Re: [PATCH, rs6000] Support float from/to long conversion vectorization

2019-09-27 Thread Segher Boessenkool
Hi Kewen,

On Fri, Sep 27, 2019 at 10:33:01AM +0800, Kewen.Lin wrote:
> This patch is to add the support for float from/to long conversion
> vectorization.  ISA 2.06 supports the vector version instructions
> for conversion between float and long long (both signed and unsigned),
> but vectorizer can't exploit them since the optab check fails.

Nice :-)

> +;; Support signed/unsigned long long to float conversion vectorization.
> +(define_expand "vec_pack_float_v2di"
> +  [(match_operand:V4SF 0 "vfloat_operand")
> +   (any_float:V4SF (parallel [(match_operand:V2DI 1 "vint_operand")
> + (match_operand:V2DI 2 "vint_operand")]))]

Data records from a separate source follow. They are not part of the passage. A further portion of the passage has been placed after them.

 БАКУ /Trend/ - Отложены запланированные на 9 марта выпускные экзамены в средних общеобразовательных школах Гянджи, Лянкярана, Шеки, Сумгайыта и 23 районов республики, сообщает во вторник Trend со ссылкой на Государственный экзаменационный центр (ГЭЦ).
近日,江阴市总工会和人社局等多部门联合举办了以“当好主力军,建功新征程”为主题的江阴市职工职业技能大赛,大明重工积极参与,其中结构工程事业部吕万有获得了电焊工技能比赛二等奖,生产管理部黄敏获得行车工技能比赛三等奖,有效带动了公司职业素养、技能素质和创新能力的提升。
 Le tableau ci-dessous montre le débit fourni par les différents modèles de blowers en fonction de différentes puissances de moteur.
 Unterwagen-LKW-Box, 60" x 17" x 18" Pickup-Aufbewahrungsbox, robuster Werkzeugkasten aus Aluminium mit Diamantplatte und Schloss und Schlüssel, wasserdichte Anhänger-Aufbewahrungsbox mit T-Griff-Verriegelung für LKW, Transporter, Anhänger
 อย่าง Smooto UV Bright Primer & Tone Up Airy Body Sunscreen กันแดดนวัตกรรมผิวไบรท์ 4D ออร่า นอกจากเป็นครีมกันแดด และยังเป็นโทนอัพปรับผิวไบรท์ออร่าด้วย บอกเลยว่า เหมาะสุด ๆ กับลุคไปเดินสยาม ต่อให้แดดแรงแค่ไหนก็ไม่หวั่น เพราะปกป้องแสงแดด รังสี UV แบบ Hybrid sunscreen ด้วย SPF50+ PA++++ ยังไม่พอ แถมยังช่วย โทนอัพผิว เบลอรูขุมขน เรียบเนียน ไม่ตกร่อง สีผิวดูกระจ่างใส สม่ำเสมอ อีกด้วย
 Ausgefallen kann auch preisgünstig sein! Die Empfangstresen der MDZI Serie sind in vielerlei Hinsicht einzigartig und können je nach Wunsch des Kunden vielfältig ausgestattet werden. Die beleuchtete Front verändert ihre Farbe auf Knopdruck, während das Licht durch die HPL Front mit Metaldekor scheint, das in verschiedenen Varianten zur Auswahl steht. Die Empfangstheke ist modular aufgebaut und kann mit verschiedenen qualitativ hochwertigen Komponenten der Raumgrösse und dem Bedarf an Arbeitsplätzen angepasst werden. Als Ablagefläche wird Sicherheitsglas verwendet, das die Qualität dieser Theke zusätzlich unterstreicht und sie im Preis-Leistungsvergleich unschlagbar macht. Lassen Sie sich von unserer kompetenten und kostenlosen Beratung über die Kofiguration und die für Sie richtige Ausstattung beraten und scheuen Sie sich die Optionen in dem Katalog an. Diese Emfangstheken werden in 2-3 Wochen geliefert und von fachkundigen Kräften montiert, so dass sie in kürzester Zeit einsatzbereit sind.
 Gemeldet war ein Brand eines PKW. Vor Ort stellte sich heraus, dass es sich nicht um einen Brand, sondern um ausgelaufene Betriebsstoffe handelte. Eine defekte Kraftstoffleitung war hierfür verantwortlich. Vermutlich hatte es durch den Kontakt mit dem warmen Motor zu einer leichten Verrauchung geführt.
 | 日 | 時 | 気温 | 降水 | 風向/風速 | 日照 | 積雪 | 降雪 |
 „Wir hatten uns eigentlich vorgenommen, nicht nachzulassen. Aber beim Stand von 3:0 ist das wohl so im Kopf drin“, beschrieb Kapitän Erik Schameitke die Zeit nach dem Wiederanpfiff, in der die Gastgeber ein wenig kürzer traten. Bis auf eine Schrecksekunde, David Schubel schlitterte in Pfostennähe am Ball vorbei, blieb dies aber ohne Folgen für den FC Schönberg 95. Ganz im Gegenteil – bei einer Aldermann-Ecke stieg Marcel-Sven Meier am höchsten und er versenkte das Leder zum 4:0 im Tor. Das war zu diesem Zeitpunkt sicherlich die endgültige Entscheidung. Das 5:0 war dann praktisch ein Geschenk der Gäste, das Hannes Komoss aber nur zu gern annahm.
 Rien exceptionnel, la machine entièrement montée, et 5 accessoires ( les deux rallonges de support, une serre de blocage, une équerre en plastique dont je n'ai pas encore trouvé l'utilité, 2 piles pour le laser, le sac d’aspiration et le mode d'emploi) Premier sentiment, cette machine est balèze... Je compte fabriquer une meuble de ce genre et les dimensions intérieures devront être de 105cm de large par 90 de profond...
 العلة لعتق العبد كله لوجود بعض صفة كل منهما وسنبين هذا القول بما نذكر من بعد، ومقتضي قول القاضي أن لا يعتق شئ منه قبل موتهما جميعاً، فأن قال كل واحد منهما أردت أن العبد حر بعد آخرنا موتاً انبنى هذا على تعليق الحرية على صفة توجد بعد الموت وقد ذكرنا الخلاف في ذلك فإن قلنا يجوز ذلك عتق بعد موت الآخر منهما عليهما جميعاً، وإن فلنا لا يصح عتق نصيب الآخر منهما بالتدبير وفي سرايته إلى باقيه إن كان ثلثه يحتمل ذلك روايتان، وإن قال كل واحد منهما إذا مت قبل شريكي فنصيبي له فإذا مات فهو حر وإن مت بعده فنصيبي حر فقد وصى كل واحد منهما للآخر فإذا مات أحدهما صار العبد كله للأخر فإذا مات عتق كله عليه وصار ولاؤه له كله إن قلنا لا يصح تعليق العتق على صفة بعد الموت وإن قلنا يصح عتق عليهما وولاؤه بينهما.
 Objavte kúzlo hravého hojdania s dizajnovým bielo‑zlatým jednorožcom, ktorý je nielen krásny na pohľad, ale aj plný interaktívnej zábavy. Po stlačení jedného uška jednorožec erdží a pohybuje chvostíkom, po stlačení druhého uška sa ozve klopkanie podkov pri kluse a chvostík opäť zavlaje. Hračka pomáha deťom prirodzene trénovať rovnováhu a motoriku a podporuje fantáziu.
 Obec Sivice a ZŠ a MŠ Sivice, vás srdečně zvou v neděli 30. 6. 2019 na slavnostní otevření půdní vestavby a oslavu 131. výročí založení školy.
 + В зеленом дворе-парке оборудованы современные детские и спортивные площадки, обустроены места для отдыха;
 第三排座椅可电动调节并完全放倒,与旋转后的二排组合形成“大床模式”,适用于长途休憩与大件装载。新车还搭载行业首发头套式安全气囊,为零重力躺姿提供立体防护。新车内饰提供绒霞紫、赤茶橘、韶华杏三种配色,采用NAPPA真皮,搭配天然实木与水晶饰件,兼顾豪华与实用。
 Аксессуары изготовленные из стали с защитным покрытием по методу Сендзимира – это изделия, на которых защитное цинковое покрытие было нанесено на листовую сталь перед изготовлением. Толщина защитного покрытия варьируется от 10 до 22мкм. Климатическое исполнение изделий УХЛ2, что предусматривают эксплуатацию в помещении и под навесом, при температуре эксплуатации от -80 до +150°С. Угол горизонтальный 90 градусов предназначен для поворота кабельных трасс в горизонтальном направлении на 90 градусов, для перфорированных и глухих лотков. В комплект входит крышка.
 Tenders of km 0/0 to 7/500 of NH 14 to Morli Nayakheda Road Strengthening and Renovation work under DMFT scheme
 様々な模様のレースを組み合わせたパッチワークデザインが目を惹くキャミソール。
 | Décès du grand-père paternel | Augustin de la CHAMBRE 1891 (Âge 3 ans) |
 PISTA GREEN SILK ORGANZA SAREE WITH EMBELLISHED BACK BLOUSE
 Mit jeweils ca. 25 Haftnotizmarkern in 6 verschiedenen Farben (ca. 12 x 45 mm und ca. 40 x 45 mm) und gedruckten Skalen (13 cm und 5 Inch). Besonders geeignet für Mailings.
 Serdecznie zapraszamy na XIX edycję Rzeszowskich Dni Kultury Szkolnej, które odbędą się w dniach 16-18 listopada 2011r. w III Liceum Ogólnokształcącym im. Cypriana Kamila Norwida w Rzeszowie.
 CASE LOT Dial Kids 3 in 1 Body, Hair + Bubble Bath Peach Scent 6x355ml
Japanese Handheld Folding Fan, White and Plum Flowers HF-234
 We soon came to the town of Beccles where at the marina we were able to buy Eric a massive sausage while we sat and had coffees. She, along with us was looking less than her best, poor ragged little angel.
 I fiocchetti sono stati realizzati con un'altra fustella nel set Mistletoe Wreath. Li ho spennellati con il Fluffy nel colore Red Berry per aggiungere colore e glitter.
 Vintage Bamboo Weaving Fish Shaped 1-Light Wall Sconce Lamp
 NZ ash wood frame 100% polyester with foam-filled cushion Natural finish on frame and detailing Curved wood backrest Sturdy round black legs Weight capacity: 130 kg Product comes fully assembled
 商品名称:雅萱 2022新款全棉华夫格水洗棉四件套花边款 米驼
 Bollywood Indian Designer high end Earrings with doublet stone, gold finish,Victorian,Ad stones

To concatenate two vectors, the syntax is vec_concat.  So

  [(set (match_operand:V4SF 0 "vfloat_operand")
(any_float:V4SF
  (vec_concat:V4DI (match_operand:V2DI 1 "vint_operand")
   (match_operand:V2DI 2 "vint_operand"]

It is of course a define_expand here, and it always calls DONE, so the
only thing the RTL template is used for is the match_operands; but also
important here is that you use an iterator (any_float), so you need to
work that into the template some way.

Your code would work, but it is a bit misleading, an unsuspecting reader
(*cough* me *cough*) might think this is the actual insn this expander
will create.

> +;; Support float to signed/unsigned long long conversion vectorization.
> +(define_expand "vec_unpack_fix_trunc_hi_v4sf"
> +  [(match_operand:V2DI 0 "vint_operand")
> +   (any_fix:V2DI (match_operand:V4SF 1 "vfloat_operand"))]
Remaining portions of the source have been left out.